# Aim of the task
Every line of the listing must be reproduced as it stands. Leave the images behind.

# Given information
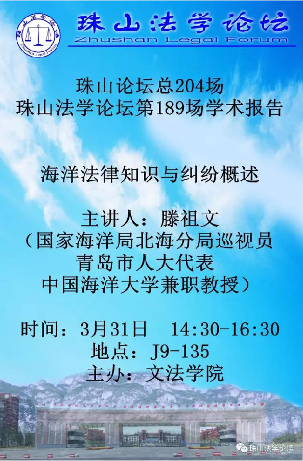 主讲人简介:滕祖文,男,著有《海洋行政管理》、《海洋行政管理专题研究》、《海区海洋行政管理研究》专著三部;合著《渤黄海区域海洋管理》、《中国海洋物权的理论与实践》等著作15部;发表论文50余篇;主笔起草国家海洋部门规章《敷设海底电缆管道管理办法》、《违反海域使用管理规定行政处分办法》两部;主持国家海洋重大课题《中国海洋战略通道研究》、《中国海监建设与管理》、《中韩海洋权益问题研究》、《新时期海上执法问题实证研究》等多项研究;从事中国海洋大学3年本科教学和12年硕博研究生教学工作;参与国际海底局先驱投资者DY95—8航次大洋考察、PL19—3油田溢油事故处理和蛟龙号首次试验性应用航次等重大国家任务。现任中国海洋法学会常务理事、中国海洋发展研究会理事、中国海洋湖昭学会理事、中国海洋学会海洋调查专业委员会常务副主任委员,青岛海洋文化研究会副会长、中国海洋研究会研究员、中国海洋大学兼职教授,青岛市人大代表。
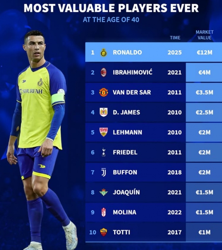 40歲身價最貴榜:C羅1200萬歐第1,伊布、范德薩、布馮、托蒂在列
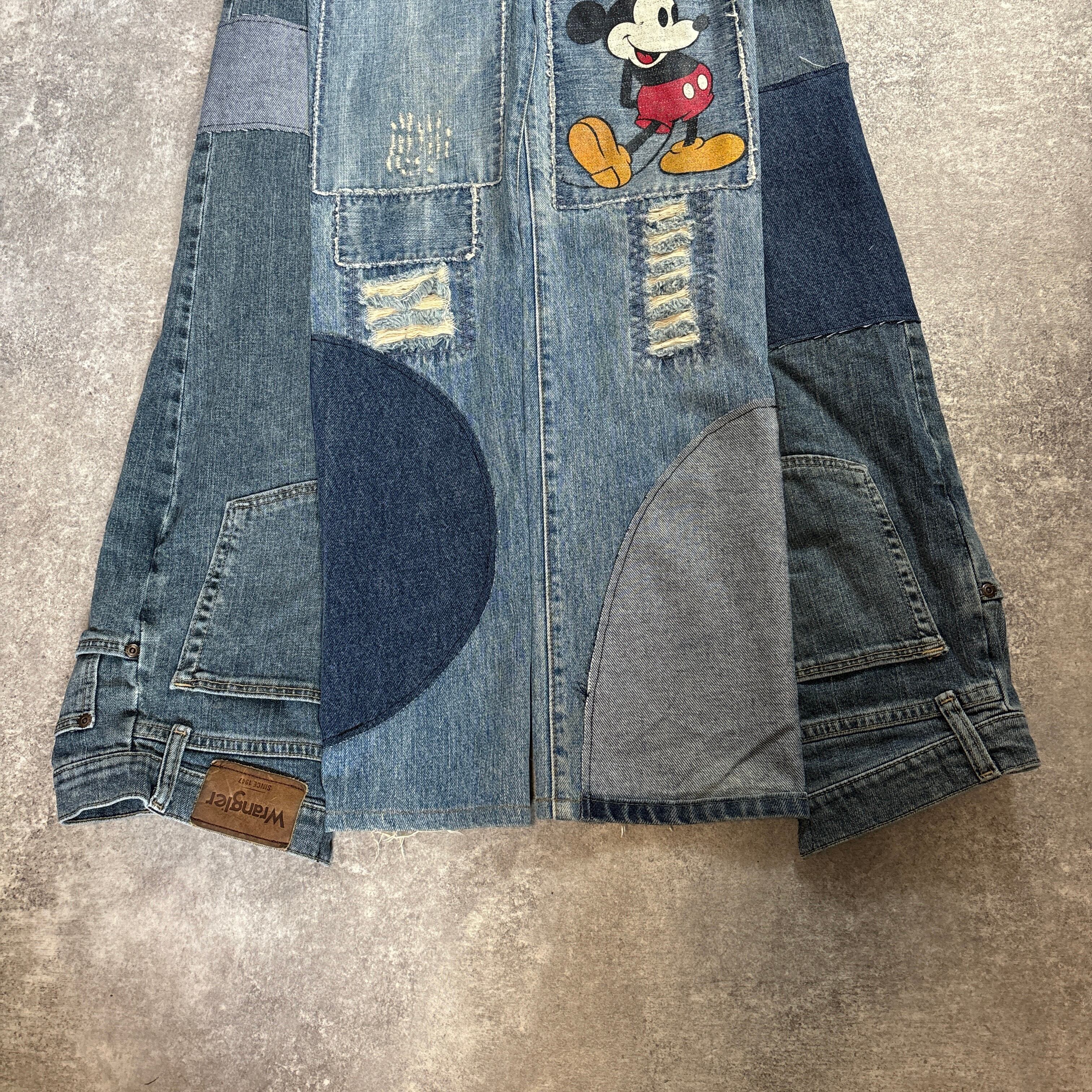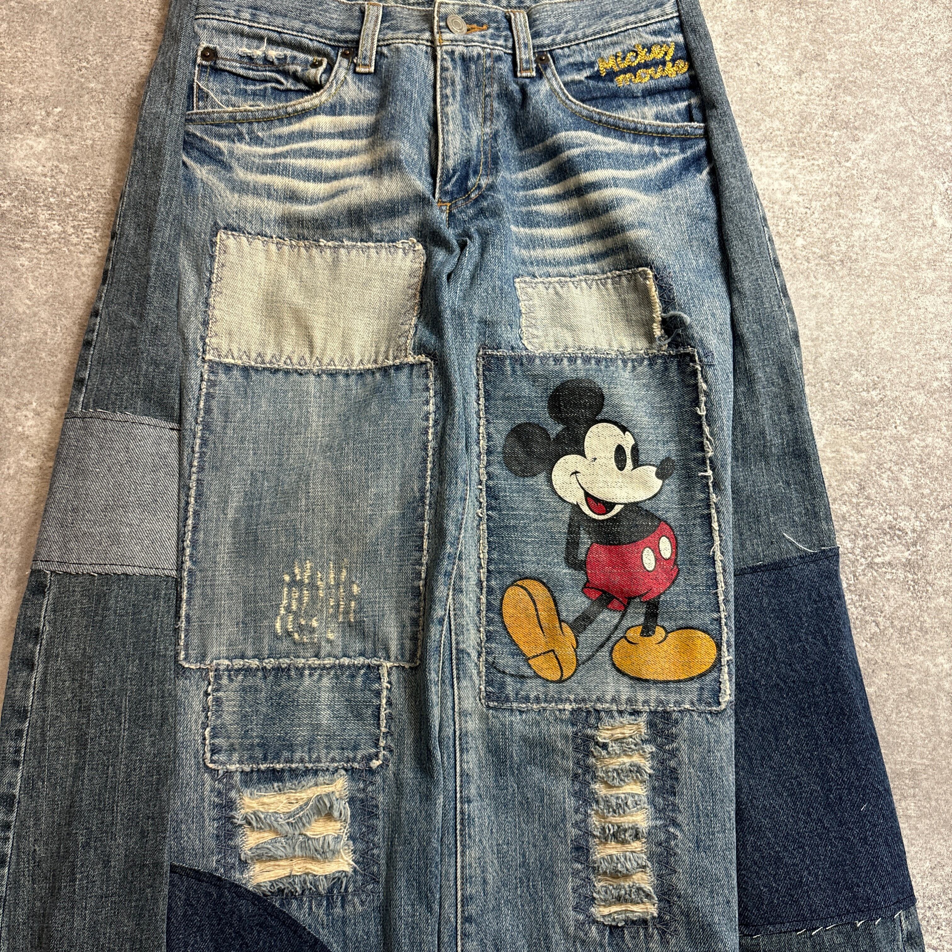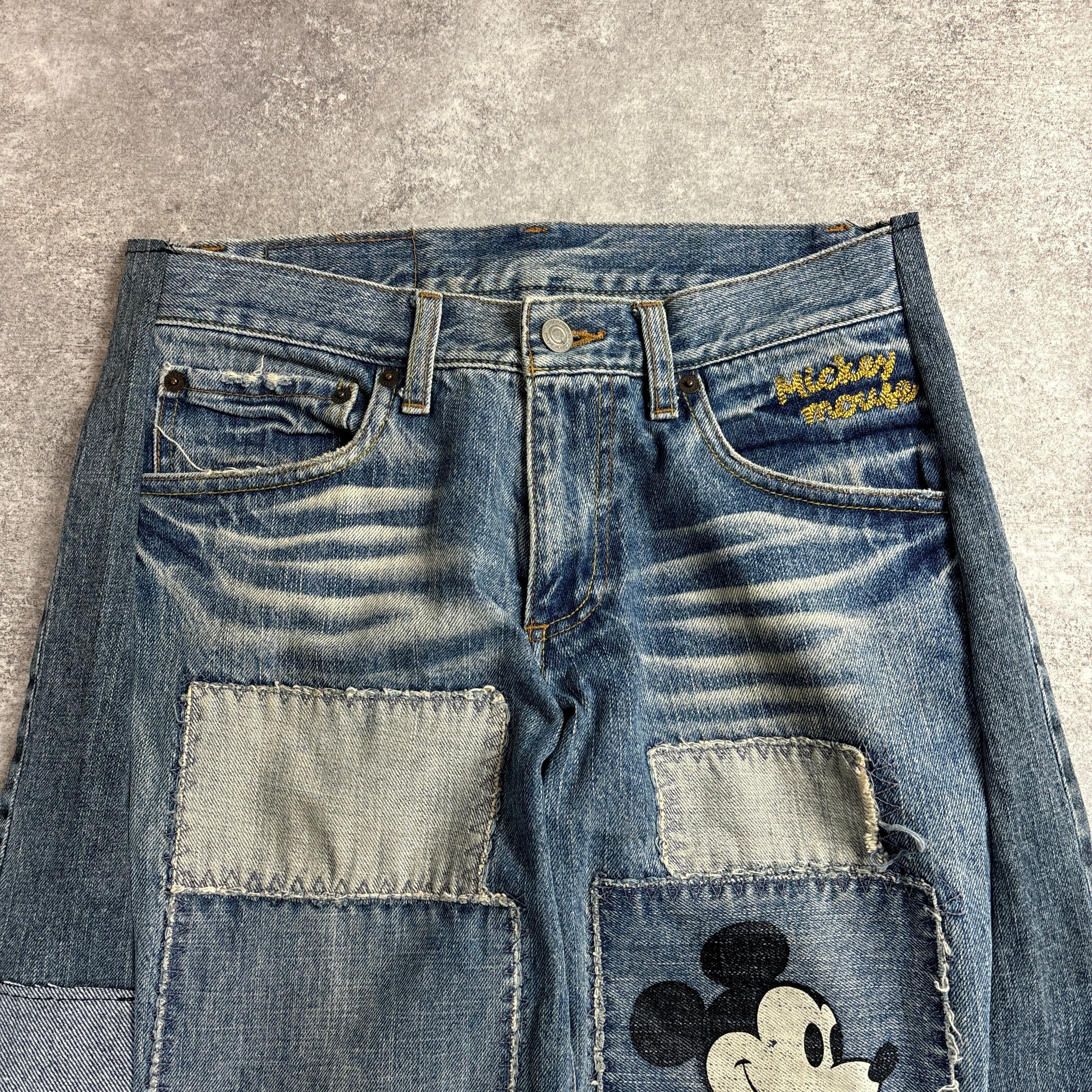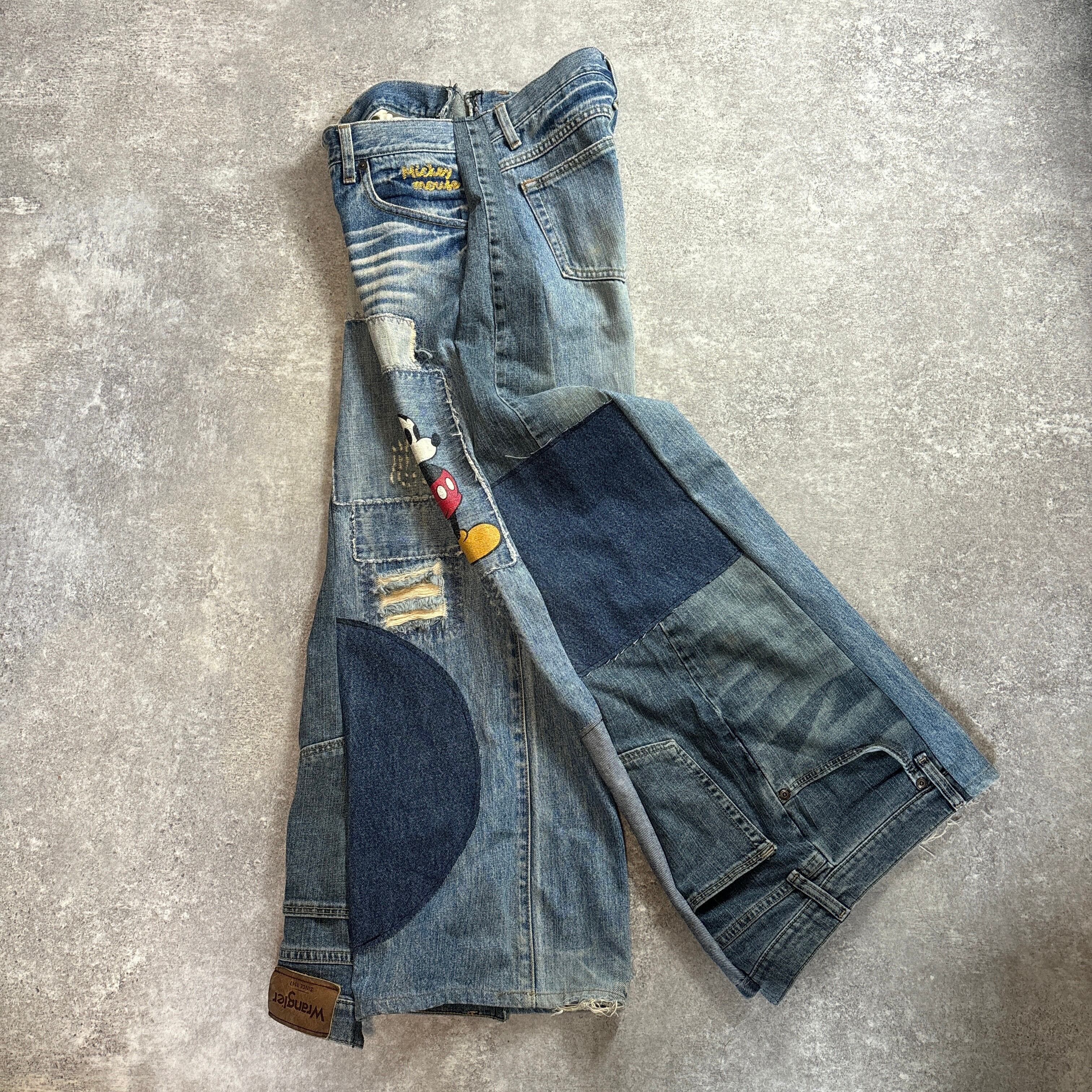 複数のジーンズを再構築し、ミッキーのワッペンや大胆なパッチワーク、ダメージ加工を施した、こだわりの詰まった一着です。

# Exercise answer
 主讲人简介:滕祖文,男,著有《海洋行政管理》、《海洋行政管理专题研究》、《海区海洋行政管理研究》专著三部;合著《渤黄海区域海洋管理》、《中国海洋物权的理论与实践》等著作15部;发表论文50余篇;主笔起草国家海洋部门规章《敷设海底电缆管道管理办法》、《违反海域使用管理规定行政处分办法》两部;主持国家海洋重大课题《中国海洋战略通道研究》、《中国海监建设与管理》、《中韩海洋权益问题研究》、《新时期海上执法问题实证研究》等多项研究;从事中国海洋大学3年本科教学和12年硕博研究生教学工作;参与国际海底局先驱投资者DY95—8航次大洋考察、PL19—3油田溢油事故处理和蛟龙号首次试验性应用航次等重大国家任务。现任中国海洋法学会常务理事、中国海洋发展研究会理事、中国海洋湖昭学会理事、中国海洋学会海洋调查专业委员会常务副主任委员,青岛海洋文化研究会副会长、中国海洋研究会研究员、中国海洋大学兼职教授,青岛市人大代表。
 40歲身價最貴榜:C羅1200萬歐第1,伊布、范德薩、布馮、托蒂在列
 複数のジーンズを再構築し、ミッキーのワッペンや大胆なパッチワーク、ダメージ加工を施した、こだわりの詰まった一着です。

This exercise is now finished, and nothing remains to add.